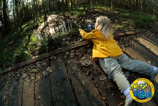 路易斯安那州的简-拉斐特国家历史公园及保留地,一名小女孩爬在木板路上玩耍。这座公园命名于简-拉斐特,拉斐特原是一个法国海盗,在1812年战争中向美国提供了帮助,由此在美国被视为英雄。据美国国家公园管理局介绍,简-拉斐特国家历史公园及保留地恰好处于墨西哥湾漏油流经的路线上,其巴拉塔里亚湾尤其易于受到冲击,因为它经由多条水道与墨西哥湾相连。
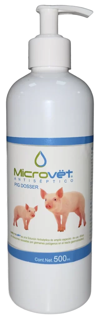 Microvët® Pig Dosser es una solución antiséptica de amplio espectro de aplicación oral, diseñada para tratar de manera efectiva enfermedades causadas por microorganismos que afectan el tracto gastrointestinal de Cerdos y otras especies.
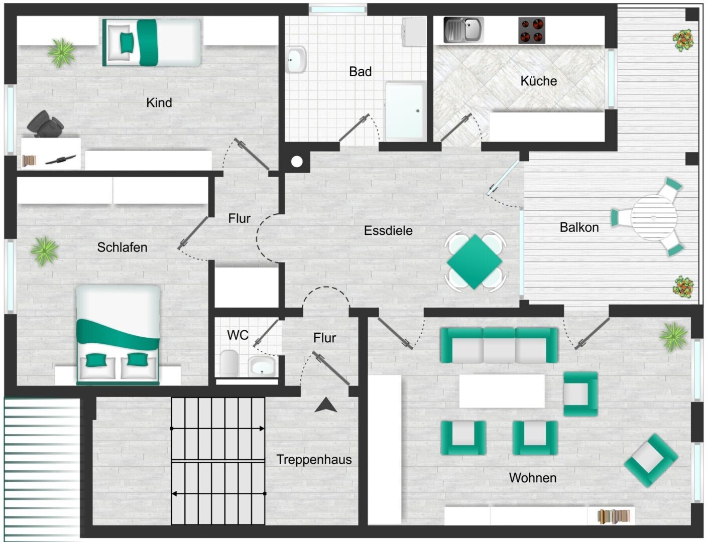 Beim Betreten der Wohnung empfängt Sie ein kleiner Eingangsbereich, von dem linker Hand das separate WC zugänglich ist. Der Flur öffnet sich in das einladende, helle Esszimmer, das durch seine zentrale Lage zum kommunikativen Mittelpunkt der Wohnung wird. Von hier aus erreichen Sie sternförmig alle weiteren Räume – ein durchdachter Grundriss, der viel Offenheit und Wohnkomfort schafft.
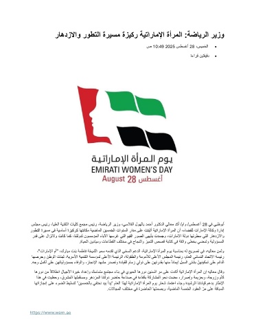 اهتازاجنإ ىلع ءوضلا طيلستل ”نيسمخلاب يفتحن ديب ًادي“ ماعلا اذهل ةيتاراملإا ةأرملا موي راعش دامتعا ءاجو ةديشرل ا انتدايق معدب راطلإا
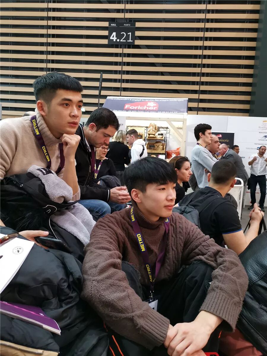 我们的比赛是在元月28号晚上开始,26-28日,同样的赛场内,还有一场全法最佳面包师赛,廖大师带队观摩了比赛场地,我跟他们说:找到我们抽签的工位,坐在那里观察设备摆放、物料、还有各队的操作流程,自己再考虑一下,如果你在台上,你会怎么操作?哪些流程还可以优化?他们都观察得特别仔细。
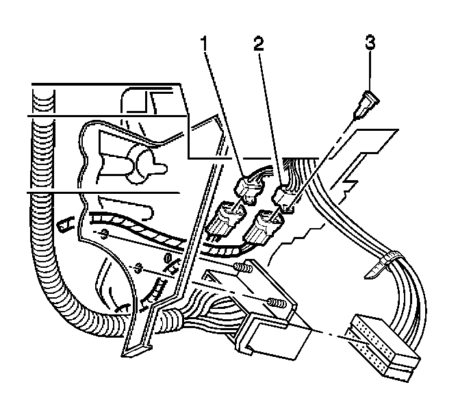 13. Install the CPA to the seat belt pretensioner - RF yellow 2-way connector (3).
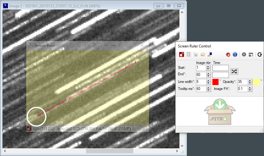 blinked with the zero motion image. Astrometrica aligns them so where the faint light of the asteroid can be
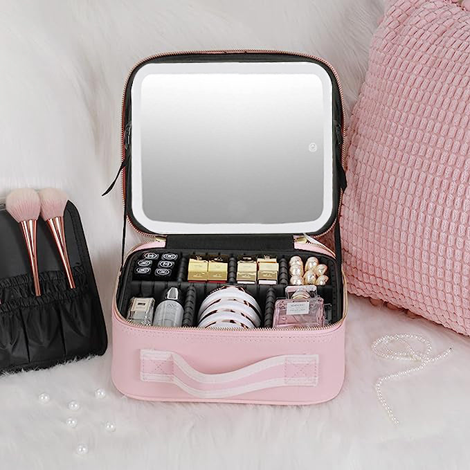⭐⭐⭐⭐⭐ "I absolutely love this makeup case! The interchangeable cubbies make it so easy to organize all of my products, and the LED mirror is a game changer. I can finally do my makeup anywhere and anytime—it’s a true lifesaver! The quality of the case is fantastic; it’s durable and stylish. I highly recommend this product to anyone in need of a convenient and stylish makeup solution!"
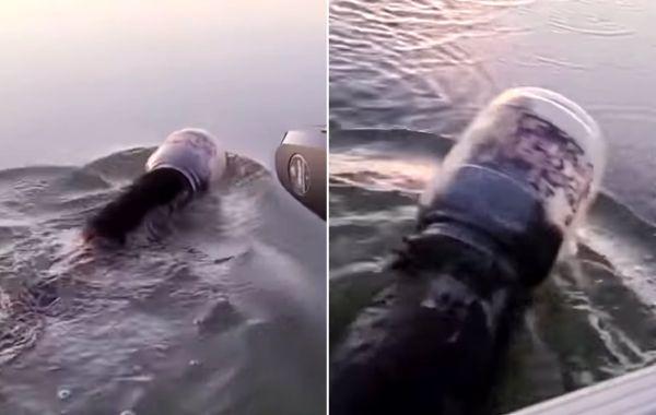 Медведь застрял головой в бочке и едва не утонул, переплывая озеро, но его вовремя спасли Животные 30.06.2020 596

============================================================

Exactly the lines from the top of the entries through the line with "Microvët® Pig Dosser", inclusive, must be given again, with every picture omitted.

- Your response -
 路易斯安那州的简-拉斐特国家历史公园及保留地,一名小女孩爬在木板路上玩耍。这座公园命名于简-拉斐特,拉斐特原是一个法国海盗,在1812年战争中向美国提供了帮助,由此在美国被视为英雄。据美国国家公园管理局介绍,简-拉斐特国家历史公园及保留地恰好处于墨西哥湾漏油流经的路线上,其巴拉塔里亚湾尤其易于受到冲击,因为它经由多条水道与墨西哥湾相连。
 Microvët® Pig Dosser es una solución antiséptica de amplio espectro de aplicación oral, diseñada para tratar de manera efectiva enfermedades causadas por microorganismos que afectan el tracto gastrointestinal de Cerdos y otras especies.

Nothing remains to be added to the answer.